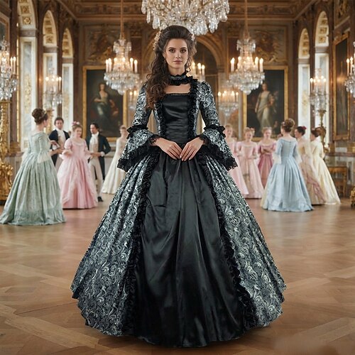 Rococò Vittoriano 18° Secolo Lunghezza al pavimento Lunghezza lunga Vestito Costume da festa Mascherata Taglie Forti Normale Su misura Floreale Abito da ballo Costume Per donna Reale Feste Balli di
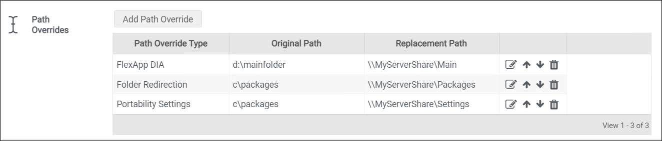 The path override list that appears in the section can be re-ordered at any time by clicking the
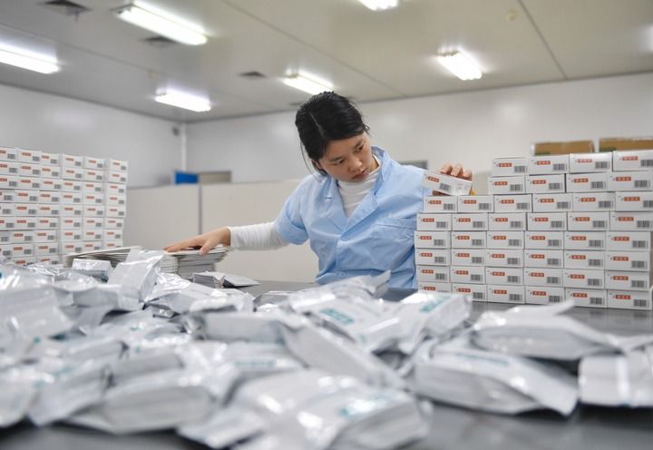 11月10日,在古蔺县肝苏药业有限公司内,工作人员在分装用赶黄草制成的药。新华每日电讯记者 刘坤 摄
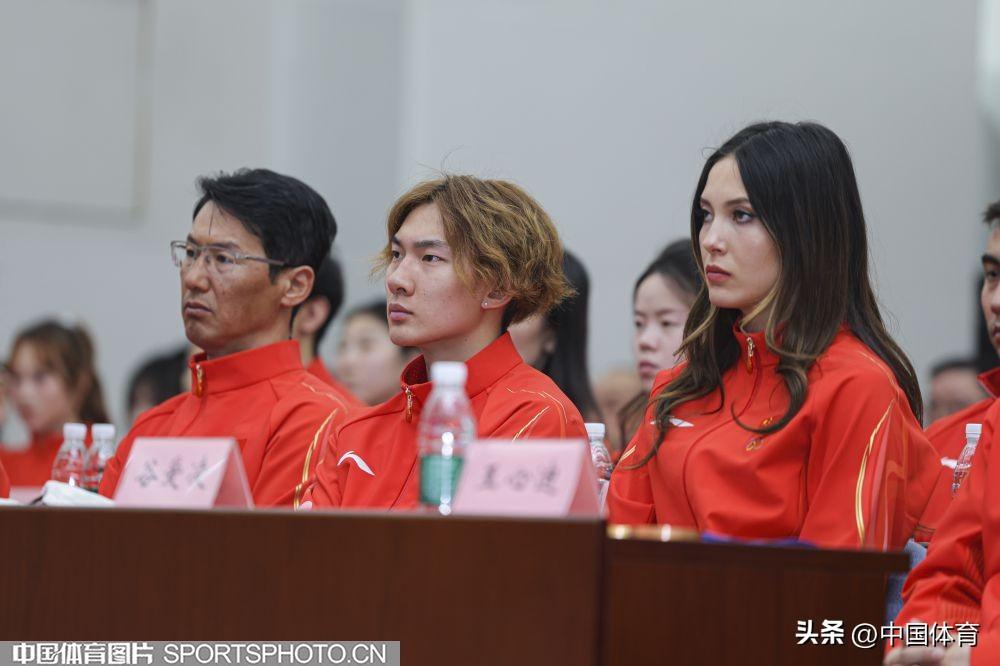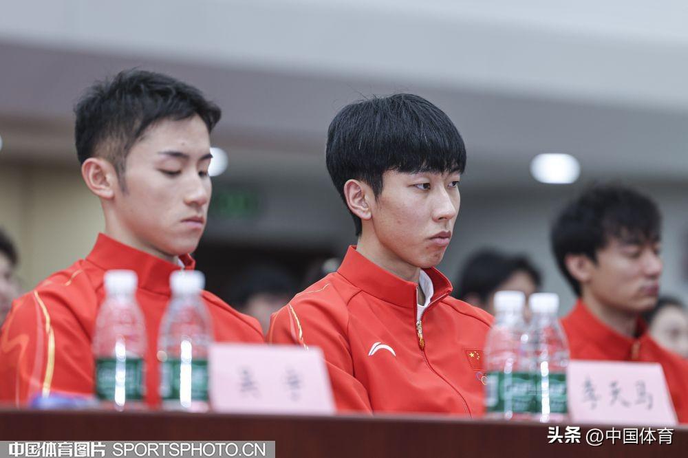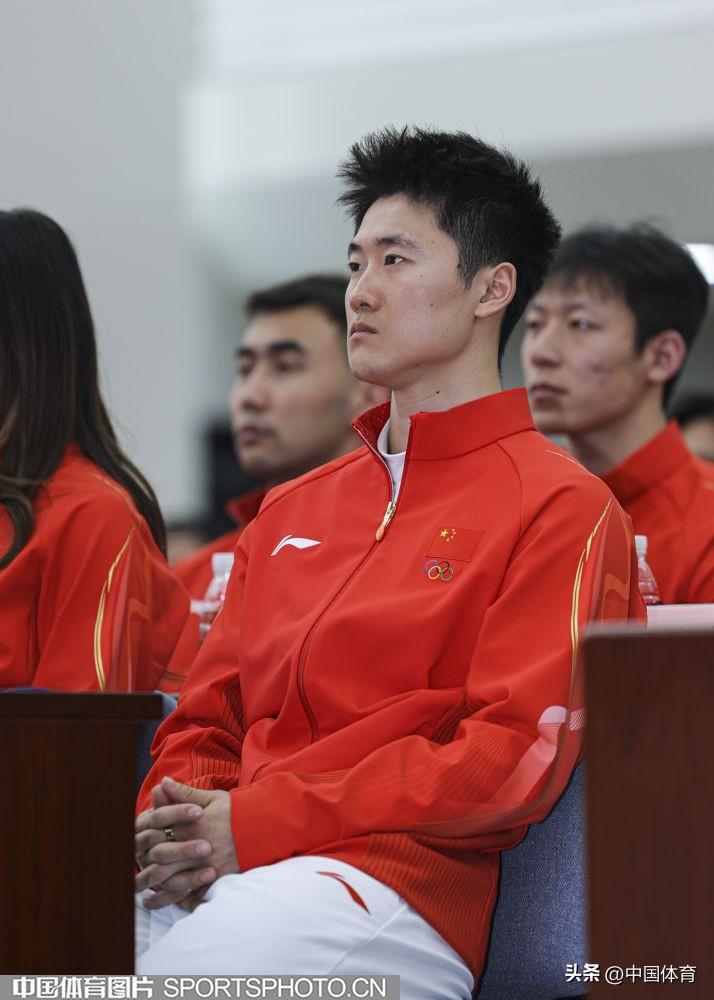 (左起)空中技巧隊主教練紀冬、單板滑雪運動員蘇翊鳴、自由式滑雪運動員谷愛凌
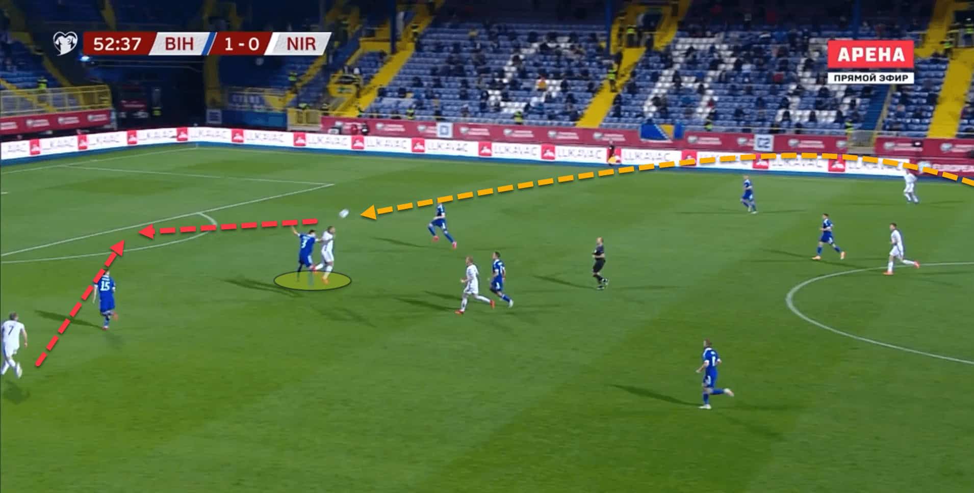 Again, we can see an example of Ahmedhodžić breaking through the opposition’s first line of pressure here when they are defending in a mid-block.
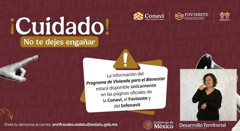 La funcionaria pidió a la ciudadanía no dejarse engañar. Indicó que la información del programa estará disponible únicamente en las páginas del Conavi, Fovissste e Infonavit.
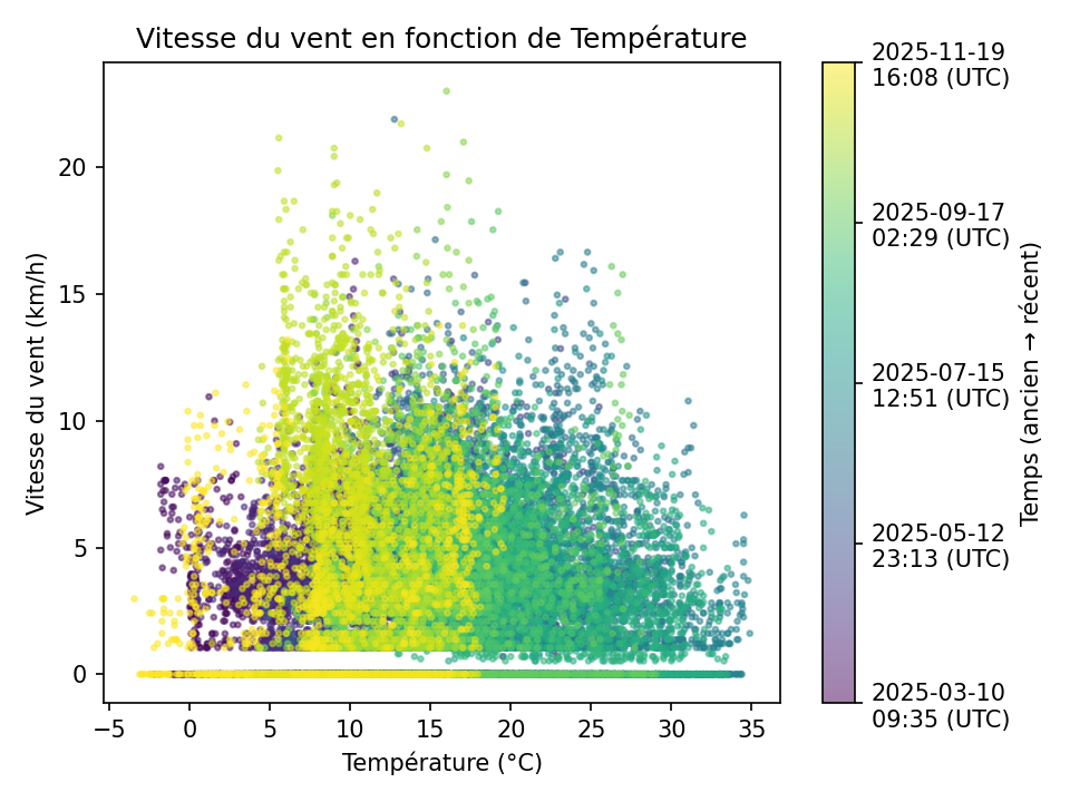 Pas de tendance discernable entre température et vitesse du vent ; la plupart des vitesses restent faibles (médiane ~2,4 km/h) quel que soit le niveau thermique.
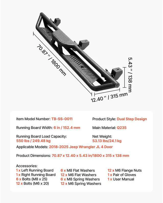 Running Board Load Capacity: 550 lbs/ 249.48 kg
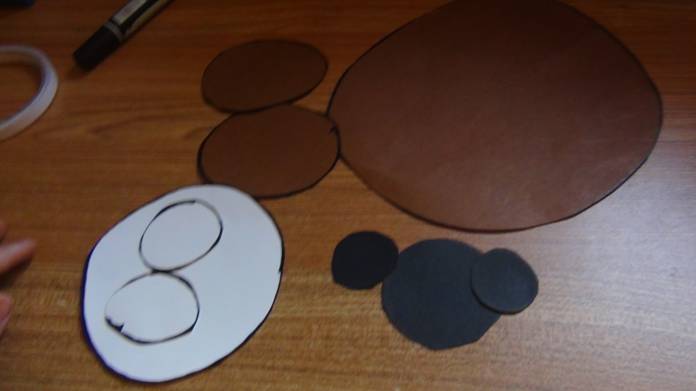 把画好的形状都剪下来,分别是熊的头、耳朵、眼睛、鼻子、嘴巴
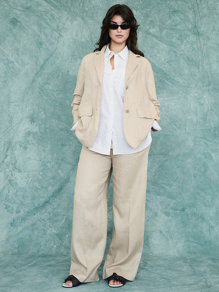 Choose the right fit: avoid items that are too tight. Linen craves ease and movement, falling effortlessly over every silhouette, especially in relaxed, oversized tailoring.
========================================================================
What you will do => Leave out every picture, and repeat word for word only the lines from the one holding "(左起)空中技巧隊主教練紀冬、單板滑雪運動員蘇翊鳴、自由式滑雪運動員谷愛凌" through the end of the entries above, both ends included.

Task output =>
 (左起)空中技巧隊主教練紀冬、單板滑雪運動員蘇翊鳴、自由式滑雪運動員谷愛凌
 Again, we can see an example of Ahmedhodžić breaking through the opposition’s first line of pressure here when they are defending in a mid-block.
 La funcionaria pidió a la ciudadanía no dejarse engañar. Indicó que la información del programa estará disponible únicamente en las páginas del Conavi, Fovissste e Infonavit.
 Pas de tendance discernable entre température et vitesse du vent ; la plupart des vitesses restent faibles (médiane ~2,4 km/h) quel que soit le niveau thermique.
 Running Board Load Capacity: 550 lbs/ 249.48 kg
 把画好的形状都剪下来,分别是熊的头、耳朵、眼睛、鼻子、嘴巴
 Choose the right fit: avoid items that are too tight. Linen craves ease and movement, falling effortlessly over every silhouette, especially in relaxed, oversized tailoring.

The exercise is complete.